Help to prove $F_n^5+F_{n+1}^5=F_{n+2}[(F_nF_{n+1}+F_{n-1}^2)^2+F_{n-1}^2F_nF_{n+1}]$

Question

$0,1,1,2,3,5,8,...$ for $n=0,1,2,3,4...$ it is the n-th Fibonacci numbers.

$$F_n^5+F_{n+1}^5=F_{n+2}[(F_nF_{n+1}+F_{n-1}^2)^2+F_{n-1}^2F_nF_{n+1}]$$

How can we show that?

I try:

Expand and simplify to

$F_{n+2}[(F_nF_{n+1})^2+3F_{n-1}^2F_nF_{n+1}+F_{n-1}^4]=F_n^5+F_{n+1}^5$

Any hints would be helpful? Thank you!

I saw two to these identities from mathworld

$F_{n-1}F_{n+1}=F_n^2+(-1)^n$ and $F_n^4-F_{n-2}F_{n-1}F_{n+1}F_{n+2}=1$

May be these can help to simplify the above but I can't see it yet.

A hint from @Rohan

$(a+2b)[b^2(a+b)^2+3a^2b(a+b)+a^4]$

$=(a+2b)[4a^2b^2+2ab^3+3a^3b+a^4+b^4]$

$=(4a^3b^2+2a^2b^3+3a^4b+a^5+ab^4)+(8a^2b^3+4ab^4+6a^3b^2+2ba^4+2b^5)$

$=a^5+5a^4b+10a^3b^2+10a^2b^3+5ab^4+2b^5$

Answer 1

Hint: Consider $F_{n-1} = a, F_n =b$. Then, we get, $F_{n+1} = a+b$ and $F_{n+2} = a+2b$.
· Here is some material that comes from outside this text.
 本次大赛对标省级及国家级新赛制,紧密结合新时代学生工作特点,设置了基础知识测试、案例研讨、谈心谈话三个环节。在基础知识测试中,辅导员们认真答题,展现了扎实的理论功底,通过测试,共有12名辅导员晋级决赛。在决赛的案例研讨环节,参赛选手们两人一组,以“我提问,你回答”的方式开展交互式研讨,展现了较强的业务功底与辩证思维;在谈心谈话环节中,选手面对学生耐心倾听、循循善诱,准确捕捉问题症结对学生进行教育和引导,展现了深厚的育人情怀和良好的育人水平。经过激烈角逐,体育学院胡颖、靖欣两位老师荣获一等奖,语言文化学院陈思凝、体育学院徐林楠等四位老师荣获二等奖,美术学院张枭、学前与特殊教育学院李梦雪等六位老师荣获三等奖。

Now then the LHS, becomes $[b^5 + (a+b)^5] = a^5+5a^4b+10a^3b^2+10a^2b^3+5ab^4 + 2b^5$. Try factoring this and the result follows. Hope it helps.

Answer 2

One of the intersting method for obtaining relations between elements of Fibonacci numbers is based on matrix method. I saw this post about a relation between Fibonacci numbers and now the peresent question. The strategy of answers of two questions are the same and is based on this fact that if $F_n=a$ and $F_n+1=b$ then $F_n+2=a+b$ and finish. Now I want to suggest the matrix method for this kind of Question.
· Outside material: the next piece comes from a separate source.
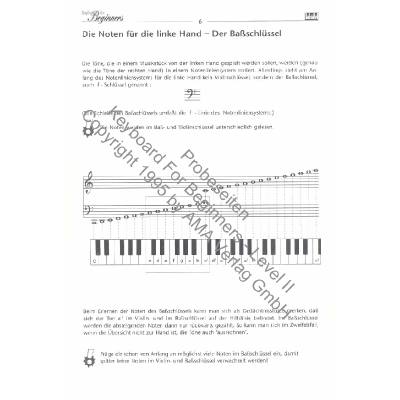 Die dreibändige Reihe „Keyboard for Beginners“ von Karsten Sahling ist für alle Tasteninstrumente mit und ohne Begleitautomatik geeignet. Die Mischung aus Eigenkompositionen und Popstücken, die der Autor mit rhythmisch interessanten Melodien versieht, bilden ein erfolgversprechendes Konzept. In der Liste der Übungen finden sich aber auch angloamerikanische Traditionals und Klassikbearbeitungen von Johann Sebastian Bach, Jacques Offenbach und anderen. Diverse Testaufgaben vertiefen das Erlernte und die Hörbeispiele auf den Midi-Files können im Tempo beliebig gewählt werden, so dass der Schüler die Möglichkeit hat, sich an die Originalgeschwindigkeit heranzutasten.

Suppose that we want find a closed-form expression for $F_n^m$ where $F_n$ is the $n$th term of Fibonacci numbers and $m$ is non-negative integer number. The number $m$ is odd or even. Let $m=2k+1$ where $k$ is a natural number. We know the $Q$ matrix is in the following form $$ Q= \left( \begin {array}{cc} 0&1\\ 1&1 \end {array} \right) $$ And It is well-kown that the $n$th power of $Q$ matrix is as follows $$ Q^n= \left( \begin {array}{cc} F_{{n-1}}&F_{{n}}\\ F_{{n}}&F_{{n+1}} \end {array} \right) $$ It is easy to see that $$ det(Q^n)={(-1)}^n \Longrightarrow F_{{n-1}}F_{{n+1}}-{F_{{n}}}^{2}={(-1)}^n $$ Now, we want to find a closed form expression for $F_n^m=F_n^{2k+1}=F_n^{2k}\,F_n$. At first, we compute the following equation $$ {(F_{{n-1}}F_{{n+1}}-{F_{{n}}}^{2})}^k={(-1)}^{nk} $$ We can rewrite the above eqation as shown $$ F_n^{2k}=G(n)+{(-1)}^{nk} \Longrightarrow F_n^{2k+1}=F_n\,G(n)+F_n\,{(-1)}^{nk} $$ Where $G(n)$ is a function based on the Fibonacci elements. For example, we want to find a closed form experesion for $F_n^5$. At first, we obtain the following equation $$ {(F_{{n-1}}F_{{n+1}}-{F_{{n}}}^{2})}^2={(-1)}^{2n} $$ $$ {F_{{n-1}}}^{2}{F_{{n+1}}}^{2}+{F_{{n}}}^{4}-2\,F_{{n-1}}{F_{{n}}}^{2} F_{{n+1}}=1 $$ $$ {F_{{n}}}^{4}=2\,F_{{n-1}}{F_{{n}}}^{2} F_{{n+1}}-{F_{{n-1}}}^{2}{F_{{n+1}}}^{2}+1 $$ $$ {F_{{n}}}^{5}=2\,F_{{n-1}}{F_{{n}}}^{3} F_{{n+1}}-{F_n}{F_{{n-1}}}^{2}{F_{{n+1}}}^{2}+F_n $$ Now, by using the expression of ${F_{{n}}}^{5}$, we conclude that $$ {F_{{n+1}}}^{5}=2\,F_{{n}}{F_{{n+1}}}^{3} F_{{n+2}}-{F_{n+1}}{F_{{n}}}^{2}{F_{{n+2}}}^{2}+F_{n+1} $$ From the summation of the expressions ${F_{{n}}}^{5}$ and ${F_{{n}}}^{5}$, we obtain our results.